Subject: Re: Reporting a performance regression in sched/fair on Unixbench Shell Scripts with commit a53ce18cacb4

Hi Vincent,

> On Jun 30, 2023, at 1:28 AM, Vincent Guittot <[email protected]> wrote:
>
> On Fri, 30 Jun 2023 at 00:20, Saeed Mirzamohammadi
> <[email protected]> wrote:
>>
>>
>>
>>> On Jun 21, 2023, at 9:41 AM, Saeed Mirzamohammadi <[email protected]> wrote:
>>>
>>> Hi Chen, Vincent,
>>>
>>>> On Jun 13, 2023, at 11:37 PM, Chen Yu <[email protected]> wrote:
>>>>
>>>> On 2023-06-13 at 19:35:55 +0000, Saeed Mirzamohammadi wrote:
>>>>> Hi Vincent,
>>>>>
>>>>>> On Jun 9, 2023, at 9:52 AM, Vincent Guittot <[email protected]> wrote:
>>>>>>
>>>>>> Hi Saeed,
>>>>>>
>>>>>> On Fri, 9 Jun 2023 at 00:48, Saeed Mirzamohammadi
>>>>>> <[email protected]> wrote:
>>>>>>>
>>>>>>> Hi all,
>>>>>>>
>>>>>>> I’m reporting a regression of up to 8% with Unixbench Shell Scripts benchmarks after the following commit:
>>>>>>>
>>>>>>> Commit Data:
>>>>>>> commit-id : a53ce18cacb477dd0513c607f187d16f0fa96f71
>>>>>>> subject : sched/fair: Sanitize vruntime of entity being migrated
>>>>>>> author : [email protected]
>>>>>>> author date : 2023-03-17 16:08:10
>>>>>>>
>>>>>>>
>>>>>>> We have observed this on our v5.4 and v4.14 kernel and not yet tested 5.15 but I expect the same.
>>>>>>
>>>>>> It would be good to confirm that the regression is present on v6.3
>>>>>> where the patch has been merged originally. It can be that there is
>>>>>> hidden dependency with other patches introduced since v5.4
>>>>>
>>>>> Regression is present on v6.3 as well, examples:
>>>>> ub_gcc_224copies_Shell_Scripts_8_concurrent: ~6%
>>>>> ub_gcc_224copies_Shell_Scripts_16_concurrent: ~8%
>>>>> ub_gcc_448copies_Shell_Scripts_1_concurrent: ~2%
>>>
>>> Apologize for the confusion, I should correct the v6.3 upstream result above. v6.3 doesn’t have any regression.
>>> v6.3.y -> no regression
>>> v5.15.y -> no regression
>>> v5.4.y -> 5-8% regression.
>>
>> A gentle reminder if there is any recommendation for v5.4.y and v4.14.y regression. Thanks!
>
> I tried to find why the regression happens only for v5.4.y (or lower)
> and not for v5.15.y (or above) but I haven't been able to find any
> possible reason in the code.
>
> Regarding the 2 commits below, they must come together so we can't
> simply revert 1 and not the other.
> commit 829c1651e9c4 sched/fair: sanitize vruntime of entity being placed
> commit a53ce18cacb4 sched/fair: Sanitize vruntime of entity being migrated
>
Tests were done before and after these 2 commits.

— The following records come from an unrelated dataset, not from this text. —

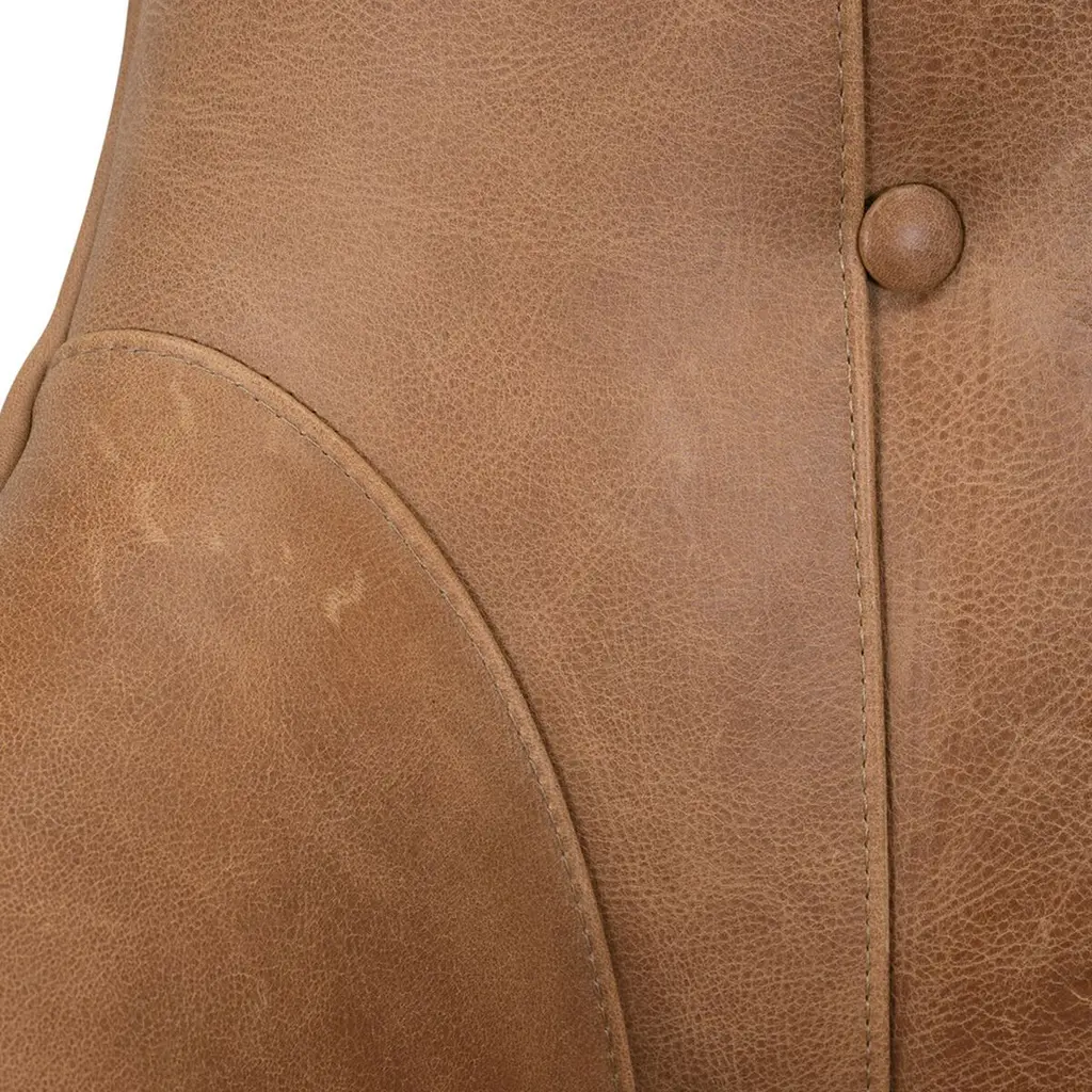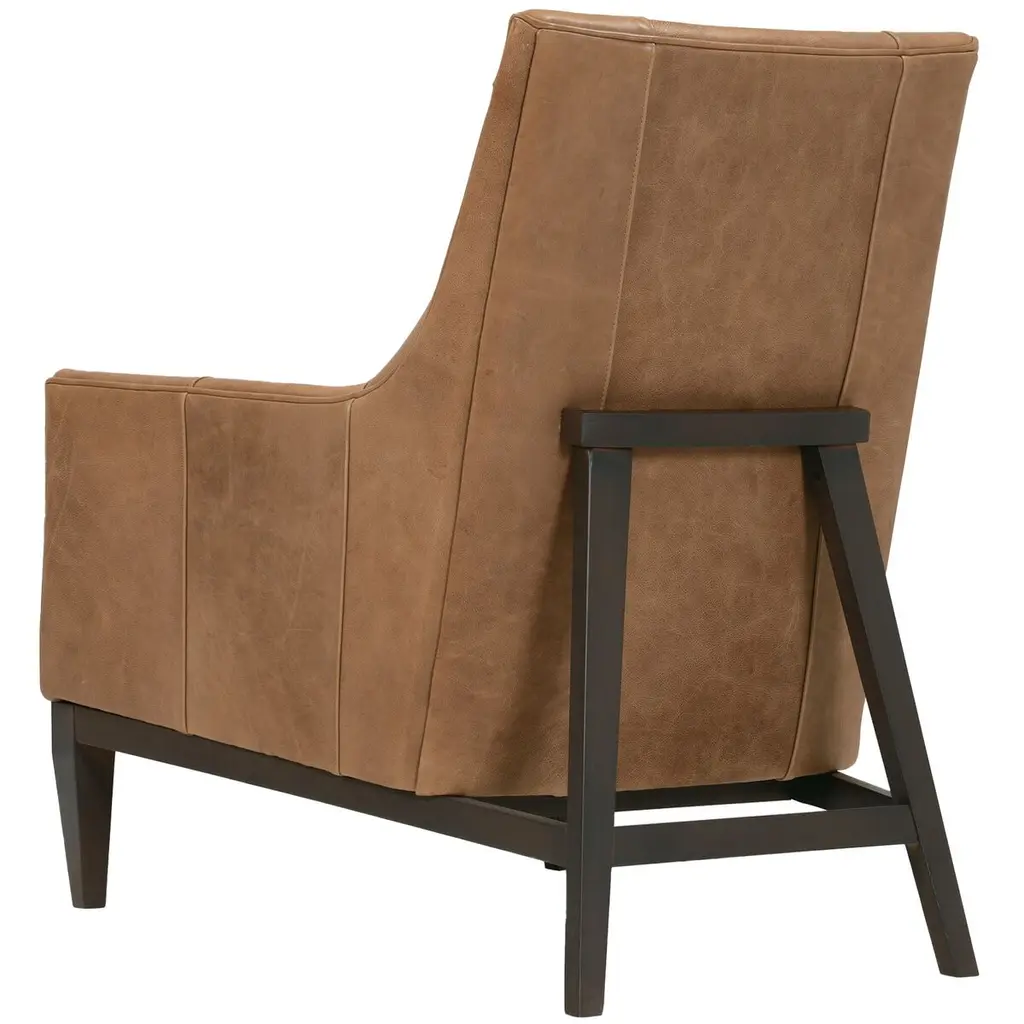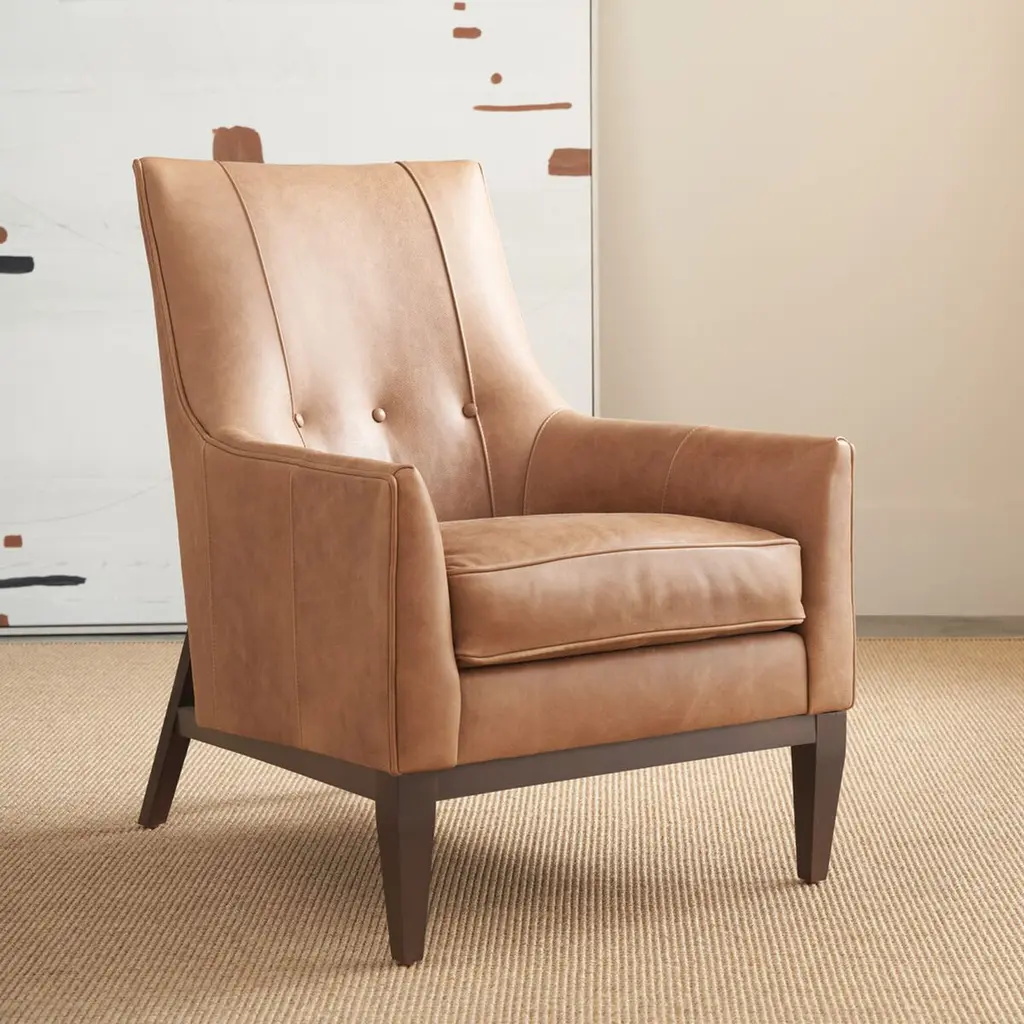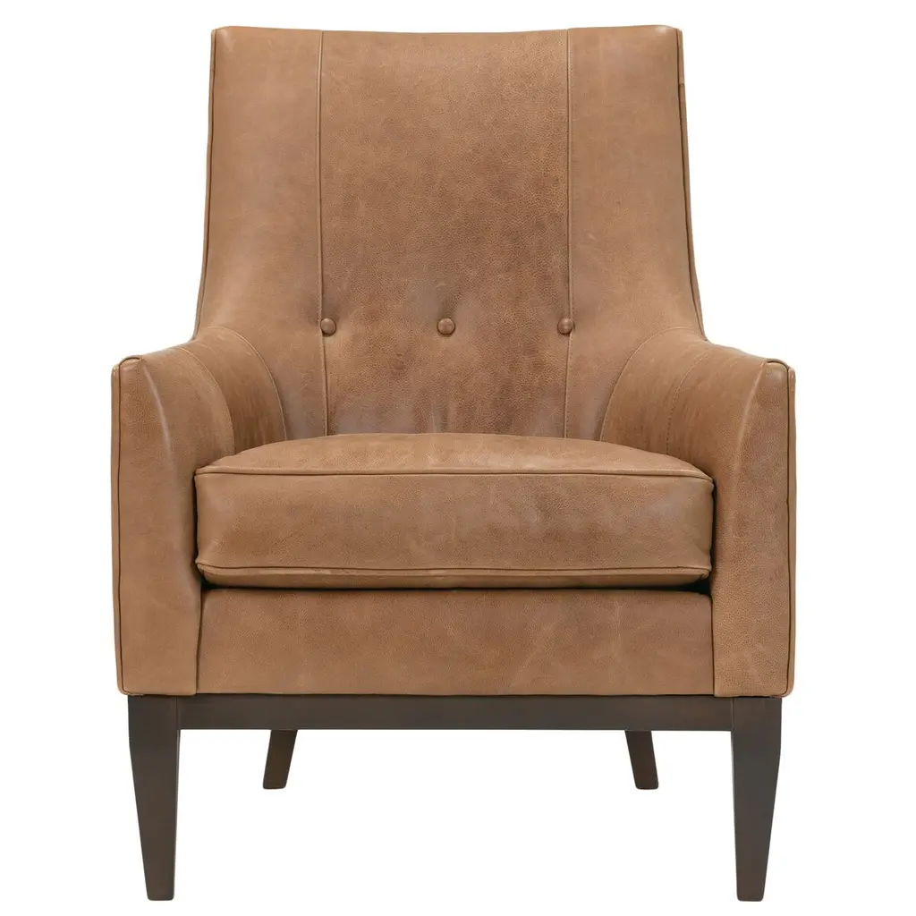 Modern with a touch of traditional style, the Zoya Leather Accent Chair is perfectly suited to a variety of aesthetics. This versatile seating option features a modern open wood frame, while the leather includes classic button tufting. The Brazilian hide is dyed and treated with a darker wax, which is then brushed to a distressed texture that will continue to develop the look of a vintage piece over time.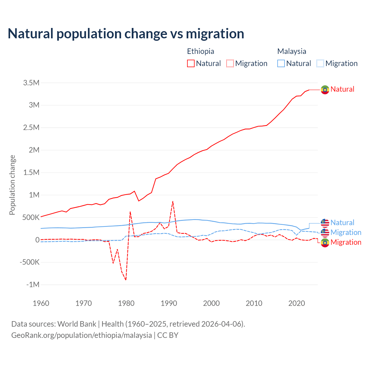 Over the last 10 years, 98.8% of the population change in Ethiopia is from natural causes (a gain of 30,237,373 people) and 1.19% is from migration (a gain of 365,488 people). In Malaysia 61.7% is from natural causes (a gain of 3,029,648 people) and 38.3% is from migration (a gain of 1,882,159 people).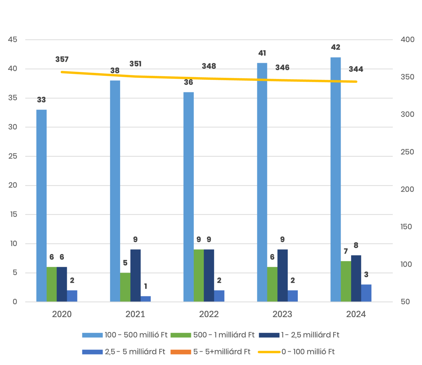 Az árbevétel-kategóriák bontása szinte tankönyvszerűen mutatja a szektor szerkezetét. A legalsó sávban, 100 millió forint alatti bevétellel, 344 cég működik – ők adják a mezőny széles alapját, de gazdasági súlyuk korlátozott. A következő lépcsőfok, a 100–500 milliós kör, már jóval szűkebb: mindössze 42 vállalat tartozik ide, akik stabil középréteget alkotnak. A félmilliárd és egymilliárd közötti sávban pedig mindössze 7 szereplőt találunk, akik már komolyabb súlyt képviselnek.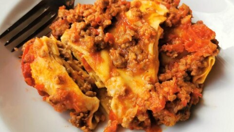 Traditional baked fazzoletti pasta recipe from Abruzzo is a fabulous alternative to lasagna. It's made with homemade handkerchief pasta squares and ground beef and sausage ragu. An authentic Italian pasta recipe that all the family will love.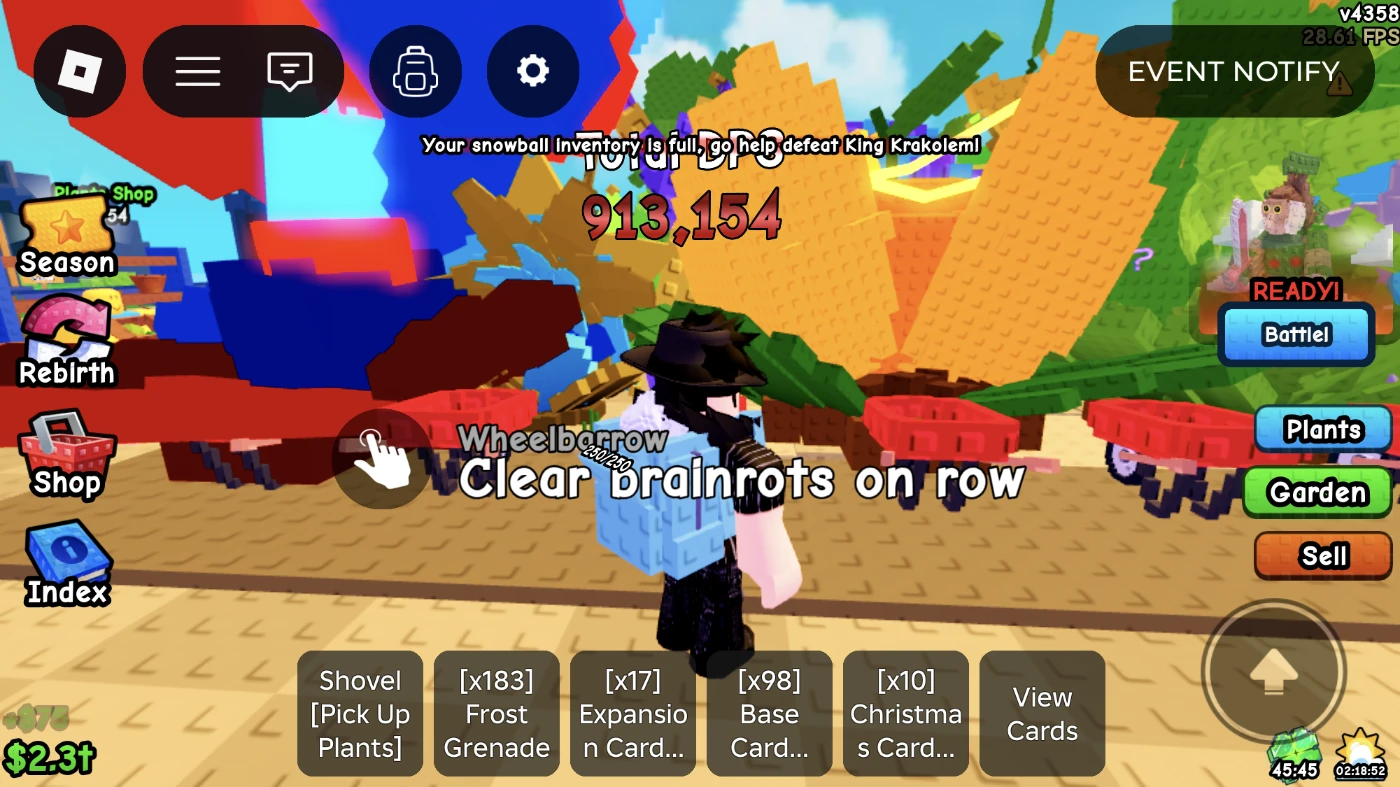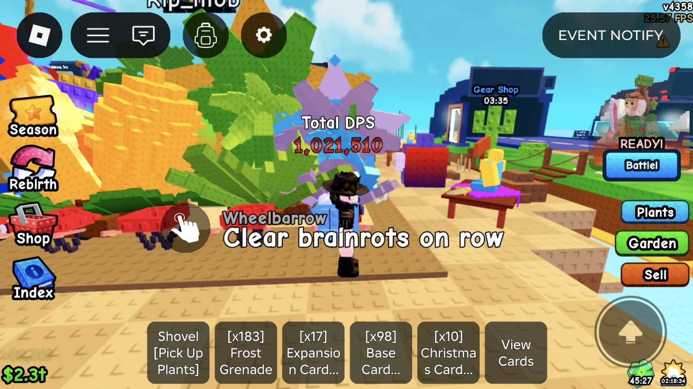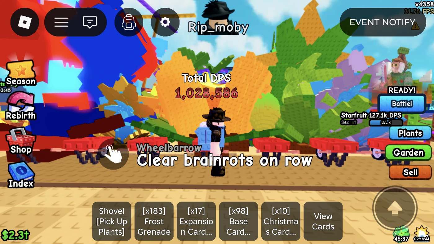 No plantas vs brainots está no rebirth 9 com varias plantas boas tanto no jardim e no inventário, contém carnívora de 10kg e outra de 9kg no inv e outras plantas com mutação como Shroombino, mango, e outros.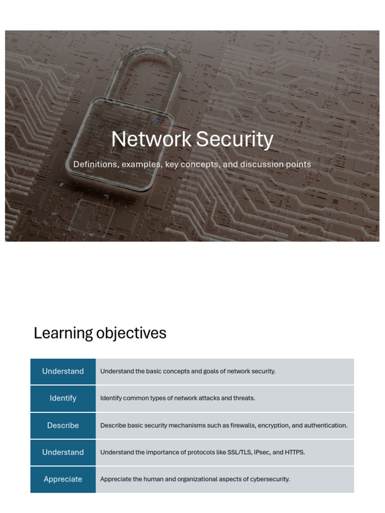 Understand Understand the basic concepts and goals of network security.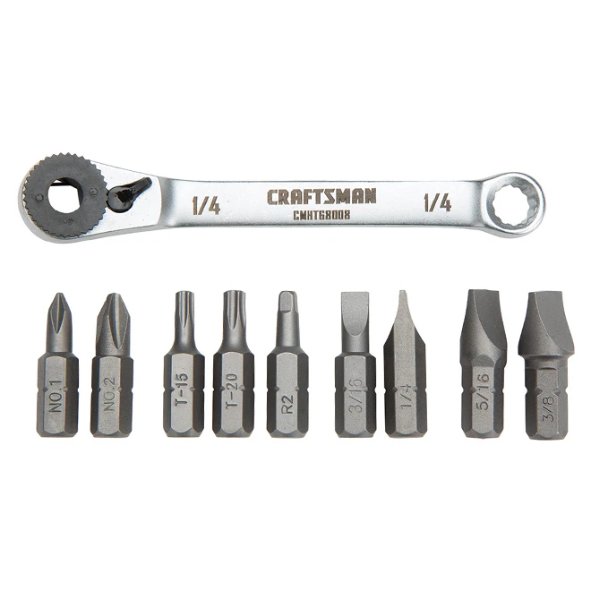 This Craftsman Z-Driver 10-piece set features a 2-position chrome ratchet wrench with an offset-designed handle for use in hard-to-reach areas. The bits are covered with a black oxide finish for superior corrosion resistance. The set includes PH #1, PH #2 Phillips bits, SQ #2 square bit, SL 3/16″, SL 5/16″, SL 1/4″, SL 3/8″ slotted bits and TX15, TX20 star-shaped bits. This set comes with Craftsman’s full lifetime warranty.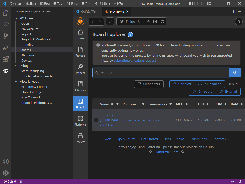 初期状態ではSpresenseは登録されていないので有志が作成したものを使用します.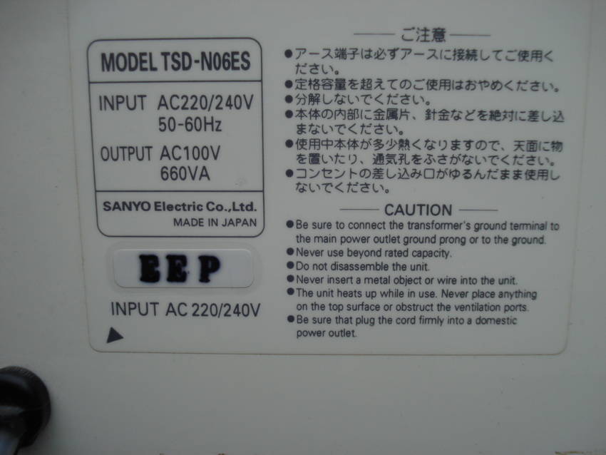 ขายหม้อแปลงไฟฟ้า SANYO แปลงไฟฟ้าจากไฟ 220 v เป็นไฟฟ้า 100-110 v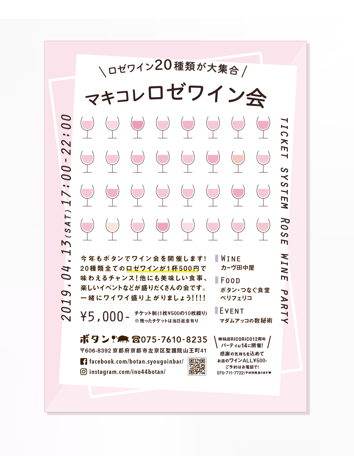 飲食店イベントポスター のぞみ webデザイナー/グラフィックデザイナー OVERVIEW 飲食店のワインイベント告知ポスターを制作いたしました。 YEAR 2019 飲食店のワイン会ポスターをデザインいたしました。「20種類のロゼワインが飲み比べられること」が特徴のイベントを色味の違うワイングラスを並べることで表現しました。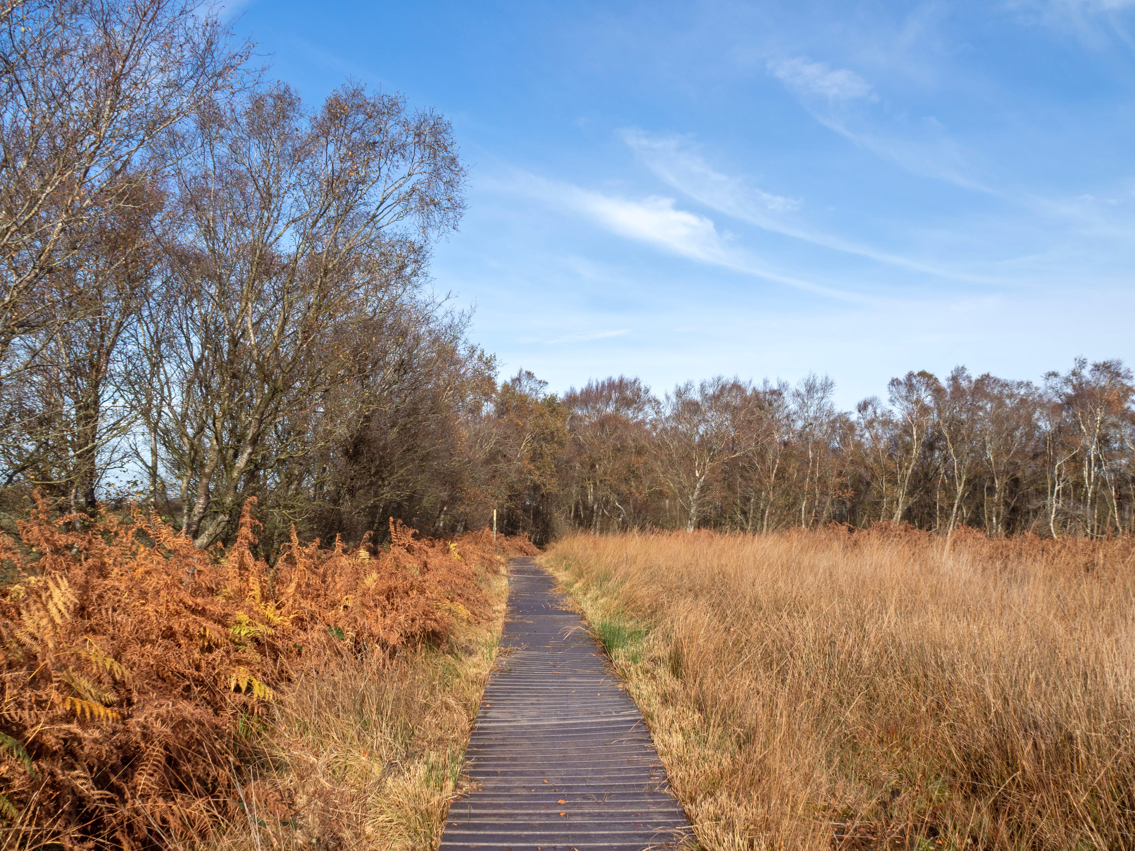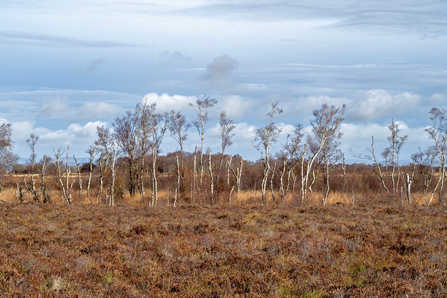 Just before the end of the boardwalk is a copse of silver birch trees, many damaged by the frequent strong winds in this exposed area.

> entity_is_long_sleeper() should never return true in your case. Could
> you try to check that it's the case for you ?
>
Tested this and entity_is_long_sleeper() never returns True.

I actually removed the related part, tested, and the regression is gone with the following change (partial revert):

diff --git a/kernel/sched/core.c b/kernel/sched/core.c
index 3ebd2054996bc..0d70dd6e14844 100644
--- a/kernel/sched/core.c
+++ b/kernel/sched/core.c
@@ -792,9 +792,6 @@ static inline void dequeue_task(struct rq *rq, struct task_struct *p, int flags)

void activate_task(struct rq *rq, struct task_struct *p, int flags)
{
- if (task_on_rq_migrating(p))
- flags |= ENQUEUE_MIGRATED;
-
if (task_contributes_to_load(p))
rq->nr_uninterruptible--;

diff --git a/kernel/sched/fair.c b/kernel/sched/fair.c
index 83a7cf62c0f53..ef9aca05c7bdf 100644
--- a/kernel/sched/fair.c
+++ b/kernel/sched/fair.c
@@ -3779,9 +3779,6 @@ enqueue_entity(struct cfs_rq *cfs_rq, struct sched_entity *se, int flags)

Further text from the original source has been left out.